9.25.2016

Perfection at Whipple Creek

There are just two other cars in the parking lot, and nary a soul to be seen.

Perfect, I think to myself, as I release my son from the bondage of his car seat, only to switch him into the bondage of the soft-structure carrier on my back.  He is gratifyingly complacent about the whole process, which just makes everything better.  Nathan is at church this morning, and now I'm at mine.  Time to get my spiritual recharge on.
Oh there we are
We've never been to this place before- only twenty minutes from home, and much tamer than The Gorge (capital T, capital G) but wild enough to give me the greenair I'm craving.  The trails are well marked and well-maintained, which is not unwelcome to my still-recovering ankle.  We delve into the shadowy woods.

For the first half hour or so we talk a lot, with plenty of stops for me to sidle up close to the ferns and trees and flowers that have caught his attention enough to demand, "Wha dat?", so that he can reach out and feel them.  I'm realizing I need to get a field guide so that I can give him better answers than, "Well, um, that's another kind of deciduous tree."
...aaaand that is a flower I've never seen before.

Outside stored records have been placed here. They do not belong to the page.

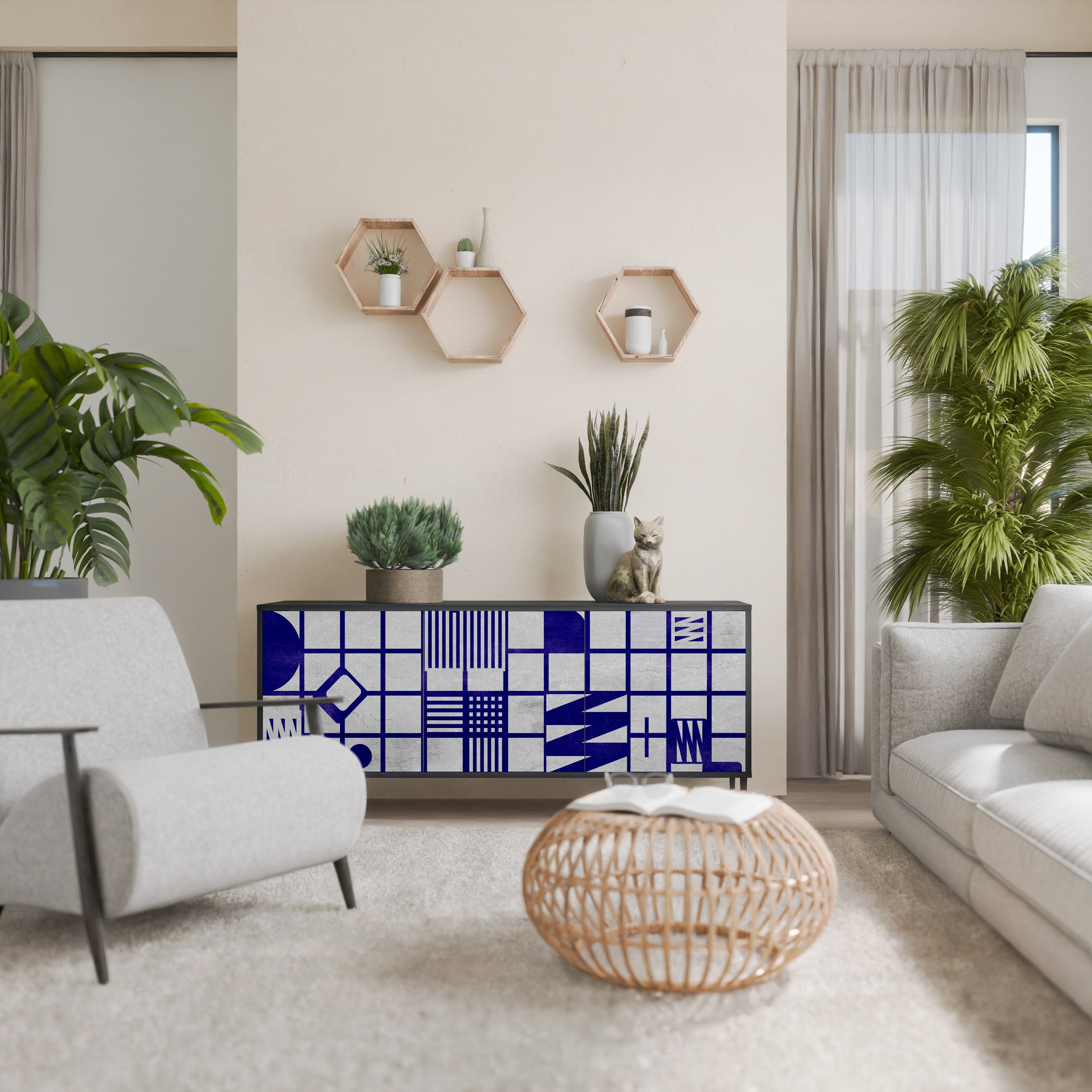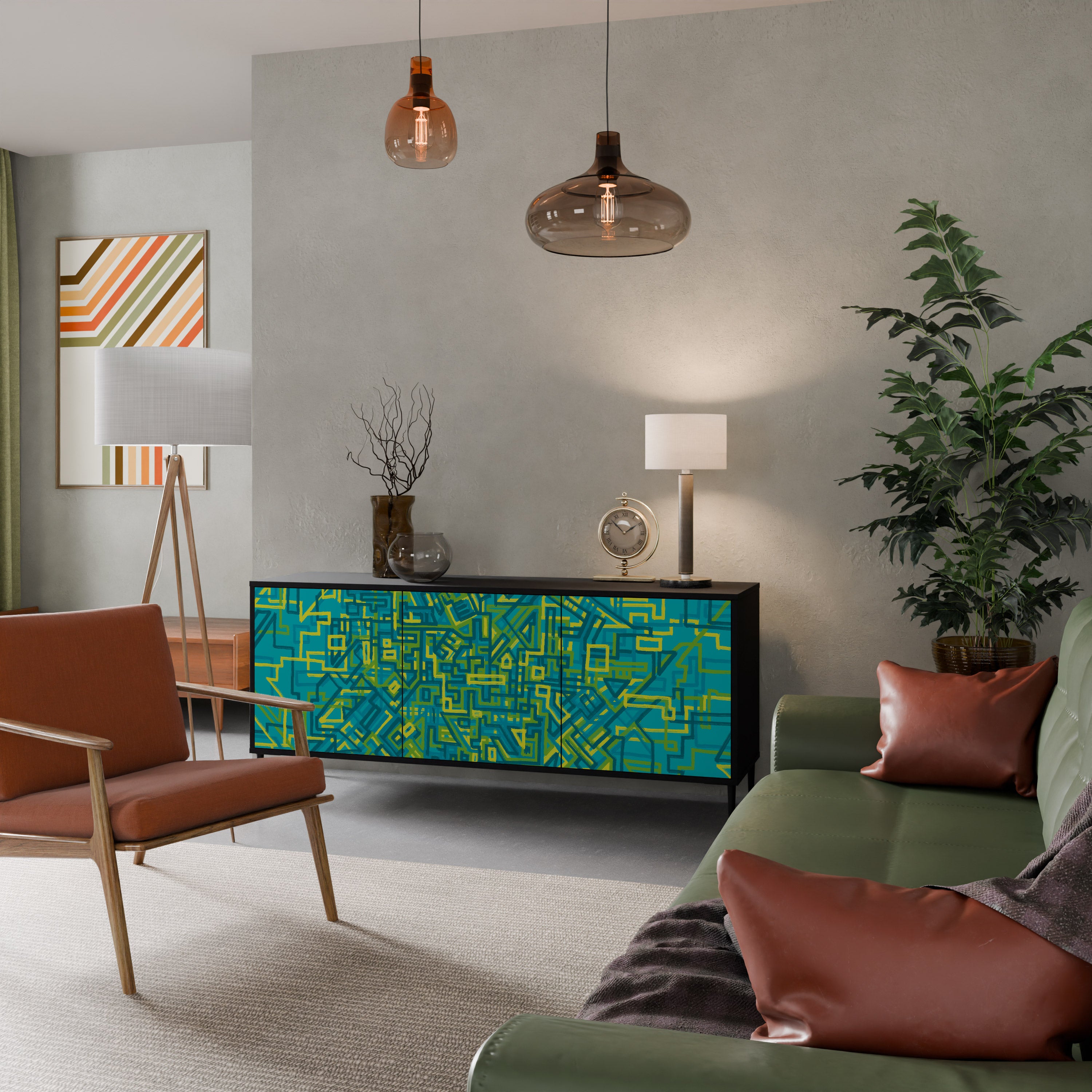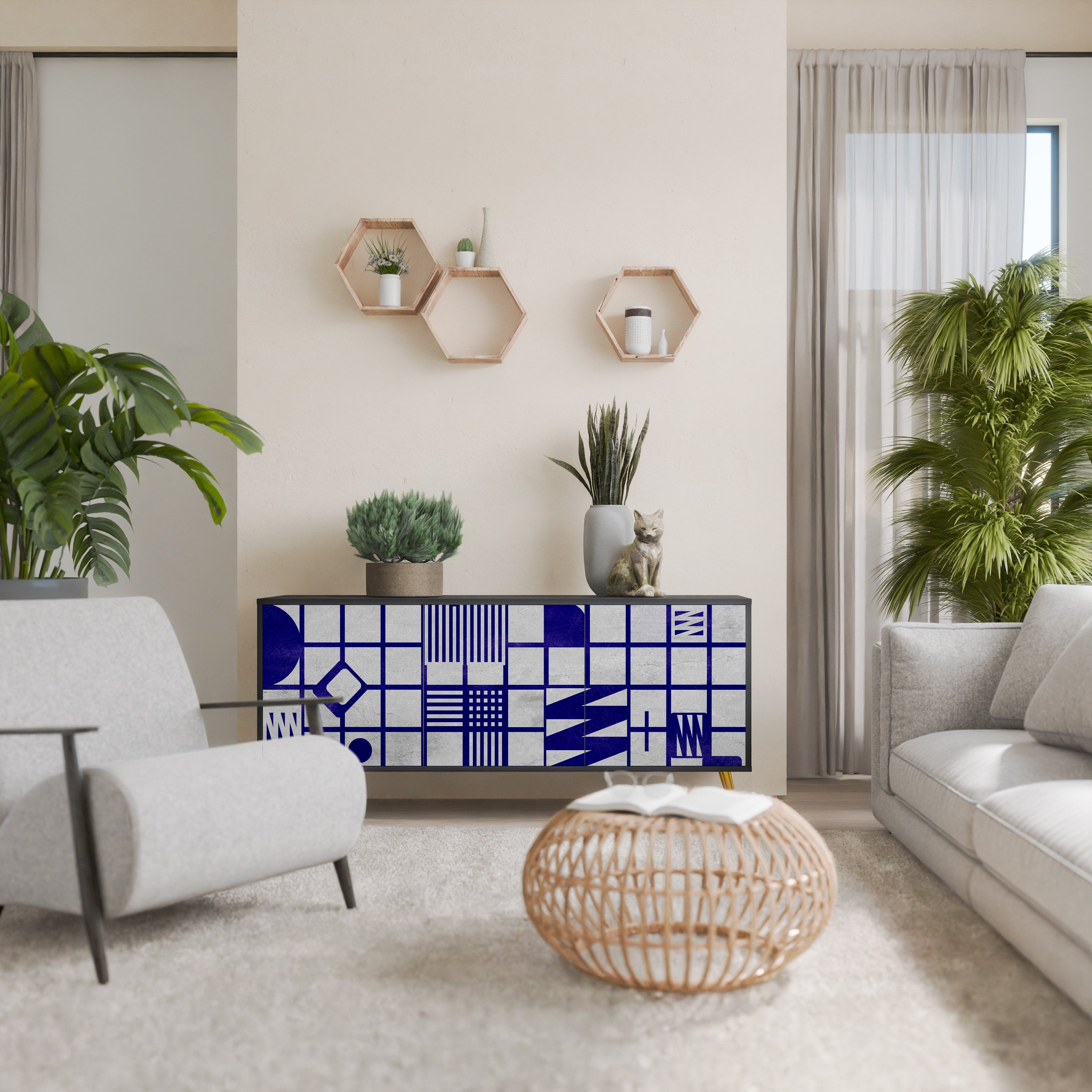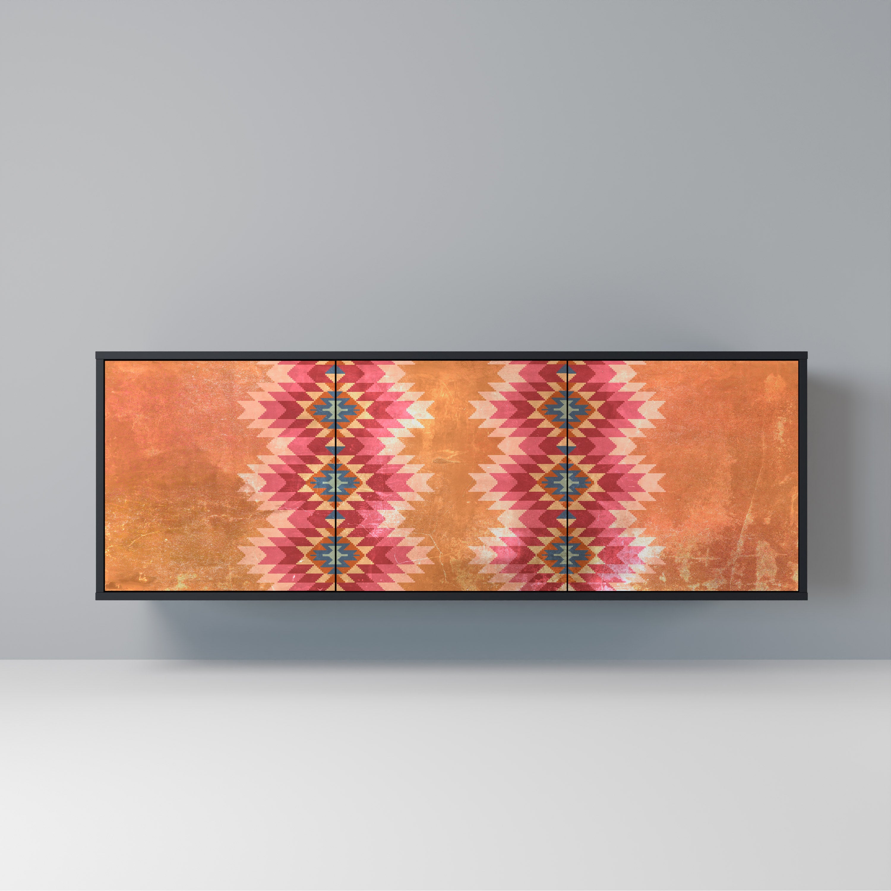 KALEIDOSCOPIC CUBISM 3-Door Sideboard in Black Finish KALEIDOSCOPIC CUBISM 3-Door Sideboard in Black Finish
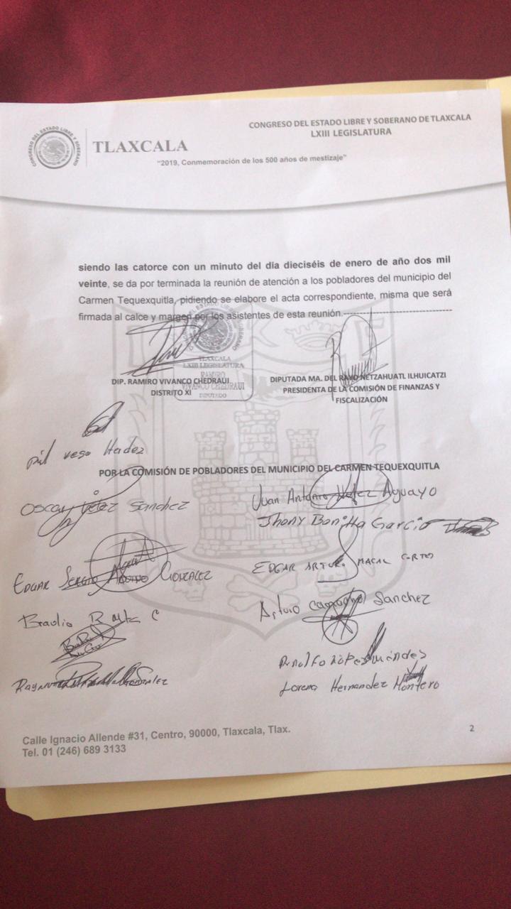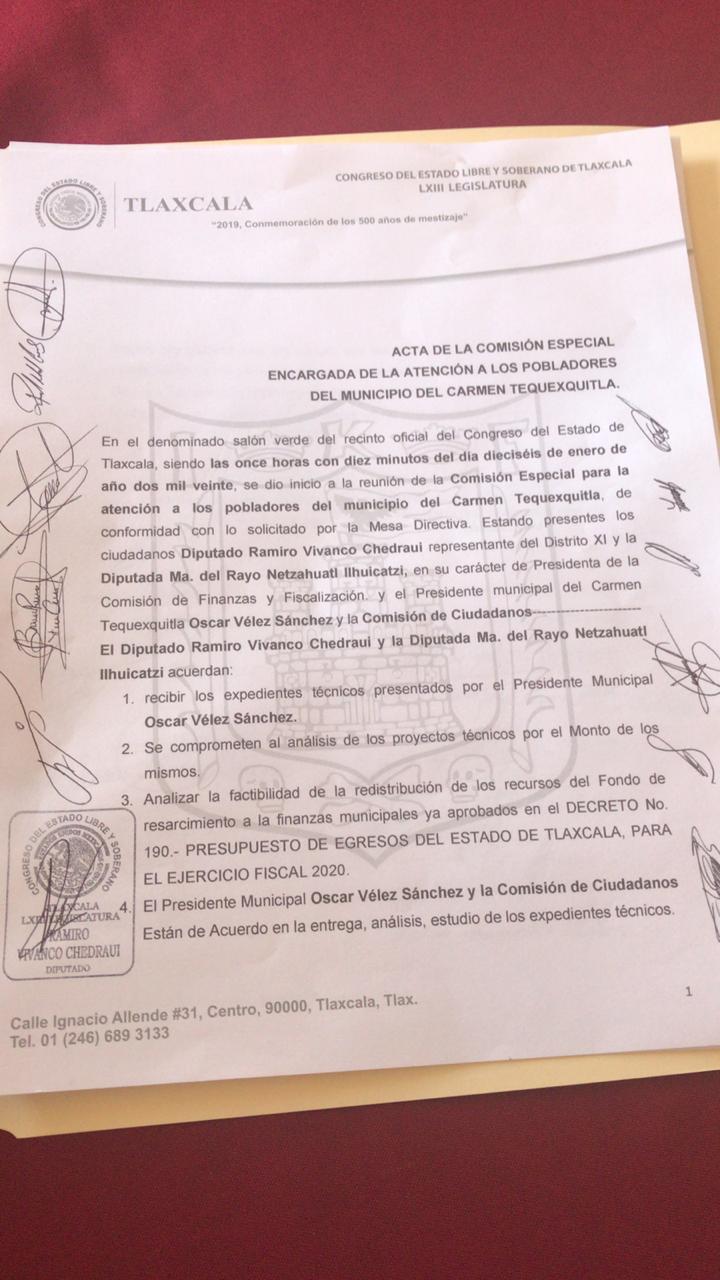 En aquella ocasión, fueron recibidos por una comisión encabezada por la diputada María del Rayo Netzahuatl, quien luego de dialogar con los inconformes, se firmó un documento donde los legisladores se comprometieron a recibir y analizar los expedientes técnicos presentados por el edil de Tequexquitla, y en caso de ser factible se redistribuirían los recursos. Sin embargo, al final no se etiquetaron recursos a tres municipios del estado.
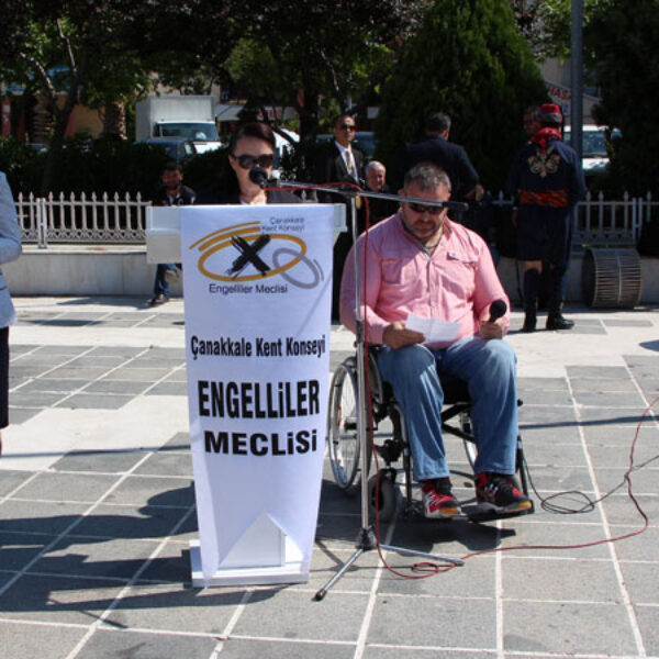 Cumhuriyet Meydanında düzenlenen törende konuşma yapan Türkiye Sakatlar Derneği Çanakkale Şube Başkanı Ümit Burunlular; “Engelliler yaşadıkları özel sorunların üzerine ülkemizdeki genel sorunlardan da daha ciddi etkilenmekte. 5378 kanun ile 2005 yılında 7 yıl içerisinde fiziksel erişim sorunlarının çözülmesi kanunu düzenlendi. 7 yıllık süre dolduğunda erişim sorunu çözülmediği görüldü. Eksikler olduğu görüldü. Sorumlular yerine engelliler cezalandırıldı. Erişim hala en temel problemler arasında sadece fiziksel erişim algılanması bilgiye erişim konusunda çalışma yapılmaması büyük sorundur. Sosyal yardım ve destekler; engellilerin eğitim ve özellikle istihdamda eşit şekilde yararlanamadığı görülmektedir. Bireyin iş bulmasını sağlayamayan devletlerin işsiz bireye insanca yaşanır bir yaşam sürdürecek ortamı sağlaması anayasal görevidir. Ancak 2022 kanun kapsamında alınan aylık çok düşüktür. Düzenlemeler eksiklikler giderilmek üzere devam etmektedir. Sosyal yardımda birey esasına geçilememiştir. Dayanışma; engellilerin sorunları çözümünde dayanışma temel çözüm yöntemi olarak kullanılmaktadır. Halkımızın dayanışma duygusuyla yaptıkları yardımları çok önemli buluyoruz. Halkımıza teşekkür ediyoruz. Engelli vatandaş ve devlet arasında yardımlaşma perspektifi ile hareket edilmektedir. Bu durum kabul edilemez. Devlet ile vatandaş arasındaki ilişki hak ödev olarak tanımlanıyor. Devletimizin anayasal ödev olarak çözüm üretmesi gerekmektedir. Ayrımcılık ve eşitlik konusunda engellilerin insanca yaşam talebinden başka talebi yoktur. Tüm destekler eşitliği sağlamaya yöneliktir. İşsizlik oranı % 70 üzerindedir. Bu eşitsizliği açık şekilde ortaya koymaktadır. Engelli sorunu insan hakları sorunudur. Başta başbakanımız olmak üzere bakanlar ve tüm yöneticilerden sorunlarımıza duyarlı olmalarını çözüm üretmelerini her zaman bizim yanımızda olduklarını biliyoruz ama pozitif ayrımcılık istediğimizi belirtir tüm katılımcılara engellilere potansiyel engeliler etkinliğe geldikleri için teşekkür ederiz” dedi.

He drops off to sleep around the time that I start the second mile, and I spend some time enjoying my pseudo-solitude in the greenquiet.  A bird starts to pii at me from a bush off the trail, and when I finally spot her tiny, tiny brown body I cannot help but exclaim, "Look at your perfection!"
Lulled, by and by

On I walk, looping and crossing, mentally drafting a new story and admiring the early sun on the delicate structure of spiderwebs.  I try to point the lovely orb-weavers out to my newly-wakened son, but he is so engrossed by everything that I'm not sure he understands my pointing to one thing in specific.
Spinning sunlight

I continue my drafting aloud, thinking to entertain him a bit with story-craft, and then all of a sudden we come across a perfectly-ruined mill.  Immediately my thoughts fly to what a fine semi-castle it makes, out here in the semi-wild.
Castle Dreaming

As we approach the final half mile, an owl the size of my son cruises past my face so closely that I can discern the individual spots on his feathers.  "Oh my!" I gasp, like a heroine from another century, and regret that my son probably didn't see it at all- let alone the fact that it was being chased by three birds whose collective mass was surely less than my doubled-fists.

We re-emerge from the greenlight into the yellow of mid-morning, just as my son begins to express his utter doneness with our outing.  Perfectly timed.